BFA3 Specifically Interacts with the β-Subunit of Chloroplast ATP Synthase
Since our results indicate that BFA3 is involved in the assembly of the CF1 subcomplex of chloroplast ATP synthase, we investigated whether BFA3 interacts with subunits of the ATP synthase complex. To investigate whether BFA3 interacts with other protein(s) and forms a complex in the stroma, we separated chloroplast stromal protein complexes isolated from wild-type plants by Suc density gradient centrifugation. Immunoblot analysis showed that CF1 subunits comigrated, forming the CF1 subcomplex of ATP synthase (Supplemental Fig. S3), which is consistent with the results obtained by CN-PAGE (Fig. 5C). However, BFA3 appeared to be present in free form (Supplemental Fig. S3), indicating that BFA3 does not form a stable complex with CF1 in the chloroplast stroma.
To identify the subunit(s) that interact with BFA3, its associated proteins were affinity enriched from bfa3-1 complemented with BFA3-HA (designated bfa3-HA plants) using an anti-hemagglutinin (HA) Affinity Matrix. After cross-linking on the intact chloroplast with the membrane-permeable cross-linker dithiobis (succinimidyl propionate) (DSP), chloroplasts were fractionated into stromal and membrane fractions, which were both used for affinity chromatography. Immunoblot analysis showed that only the CF1β subunit was copurified with BFA3 in both the stromal and thylakoid fractions of the bfa3-HA affinity sample (Fig. 8A), indicating a specific interaction between BFA3 and CF1β. Without chemical cross-linking, however, no subunits of ATP synthase can be purified with BFA3 (Fig. 8A), suggesting that BFA3 transiently interacts with CF1β during the assembly of the CF1 subcomplex. Yeast two-hybrid and pull-down analysis further confirmed the specific interaction between BFA3 and CF1β in vivo and in vitro (Fig. 8, B and C; Supplemental Fig. S4).
BFA3 Interacts with CF1β at the CS Site with an Adjacent α-Subunit
To elucidate the function of BFA3, it is important to identify the binding site for BFA3 on the CF1β subunit. Based on the crystal structure of ATP synthase from spinach (Spinacia oleracea) chloroplasts, the CF1β subunit can be divided into three domains (Figs. 9A and 10A): an N-terminal domain containing a six-stranded β-barrel (CF1βI), a central domain containing the nucleotide-binding site (CF1βII), and a C-terminal α-helical bundle (CF1βIII; Groth and Pohl, 2001). Yeast two-hybrid analysis showed that BFA3 specifically interacts with the central domain of CF1β (CF1βII; Fig. 9B). The CF1β central domain (CF1βII) was further divided into three regions: CF1βII-1 (Pro-97-Gly-165), a long loop located on the outside surface of the α3β3 hexamer; CF1βII-2 (Gly-166-Ile-275), containing three α-helices and four β-strands and forming the CS site with an adjacent CF1α subunit; and CF1βII-3 (Phe-276-Pro-377), which is mainly located inside the α3β3 hexamer and close to the NCS site with another adjacent CF1α (Figs. 9A and 10A). Only the second region of the CF1β central domain (CF1βII-2) was found to interact with BFA3 (Fig. 9B), implying that BFA3 associates with the CF1β subunit at the surface that forms the CS site with an adjacent α-subunit during the assembly of the chloroplast ATP synthase (Fig. 10A).
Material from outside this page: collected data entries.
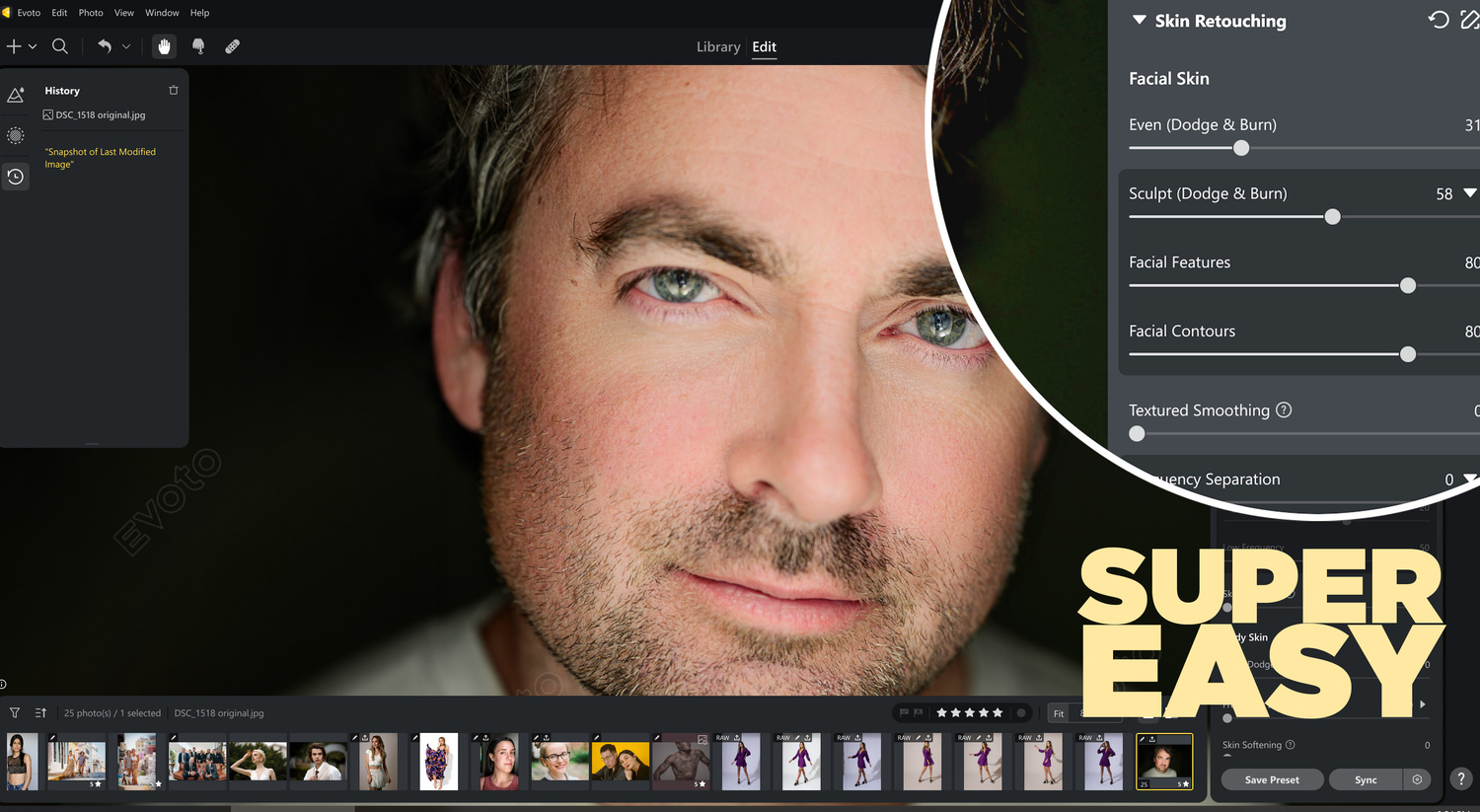 Evoto has two specific sliders, one called Even (dodge and burn) and another called Sculpt (dodge and burn), where you can either create this subtle 3D effect or reduce it and soften the shadows on a person's face. In the above example, I found that the even, flat natural lighting was too soft. By adding a little Sculpt to the model's face, I can bring back some detail without destroying the soft lighting look.
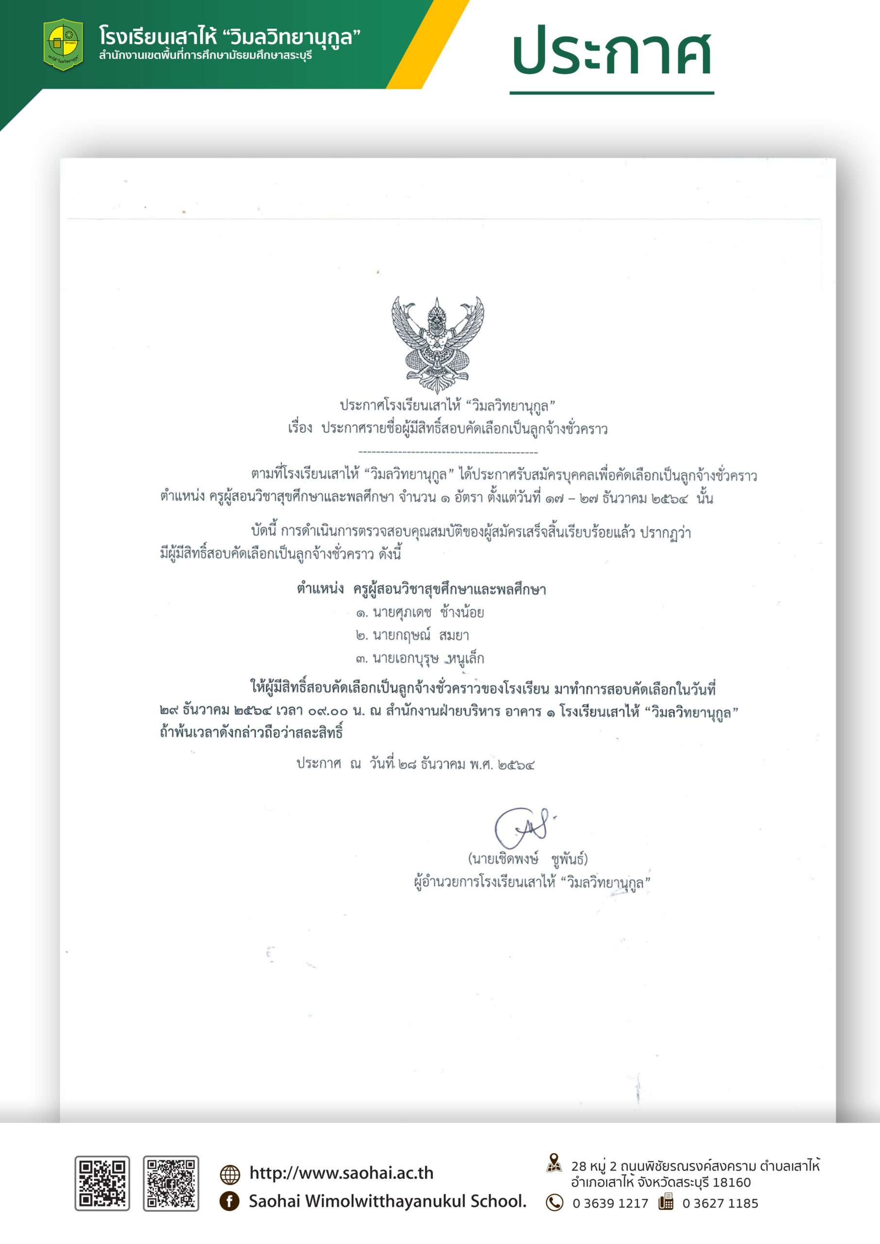 ประกาศรายชื่อ ผู้มีสิทธิ์สอบคัดเลือกเข้าเป็นลูกจ้างชั่วคราว ตำแหน่ง ครูผู้สอน สุขศึกษาและพลศึกษา
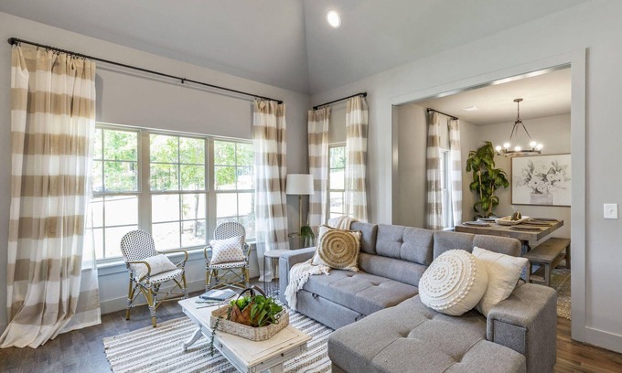 The well-equipped kitchen makes meal prep a breeze, and the dining area offers plenty of seating, with additional space at the kitchen island or on the back porch. Stay connected with WiFi and enjoy entertainment on the smart TV—simply log into your favorite streaming service.
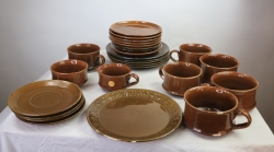Brun servis Bo Fajans, de flesta fat och koppar har nagg.
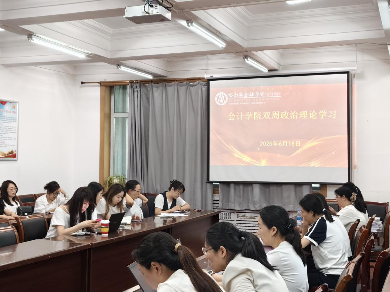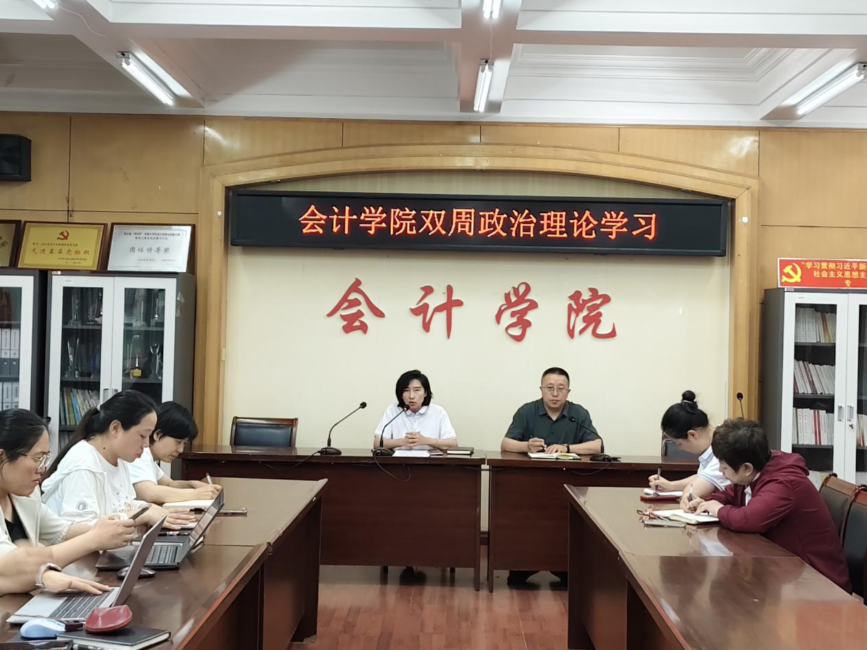 2025年6月18日下午,会计学院在会计楼309会议室组织召开双周政治理论学习会议,会议由党总支书记闫慧兰主持,全体教职工参加。
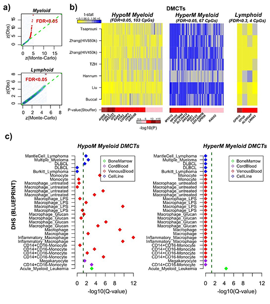 图:Meta分析揭示吸烟相关DNA甲基化信号主要出现在髓样细胞

Several Residues Conserved in CF1β Subunits in Photosynthetic Eukaryotes Are Critical for the Interaction between BFA3 and CF1β
No homolog of BFA3 was found in cyanobacteria (Fig. 7A), indicating that assembly of cyanobacterial ATP synthase is independent of BFA3. Consistent with this idea, yeast two-hybrid analysis showed that the interaction between SynCF1β and BFA3 is significantly weaker than that between AthCF1β and BFA3 (Fig. 9, D and E). This result indicates that the CF1β subunit underwent at least a few evolutionary changes from cyanobacteria to photosynthetic eukaryotes and that these changes were beneficial for its binding with BFA3, which occurs in Chlamydomonas and land plants. Indeed, protein alignment of the CF1β subunits from cyanobacteria and land plants showed that, although the CF1β subunits are highly conserved, a dozen residues conserved in cyanobacterial CF1β have been replaced by different amino acids that are also conserved in CF1β subunits from land plants as well as Chlamydomonas (Fig. 9C; Supplemental Fig. S5). Perhaps these residues, which are highly conserved in CF1β subunits in photosynthetic eukaryotes, are critical for the interaction with BFA3.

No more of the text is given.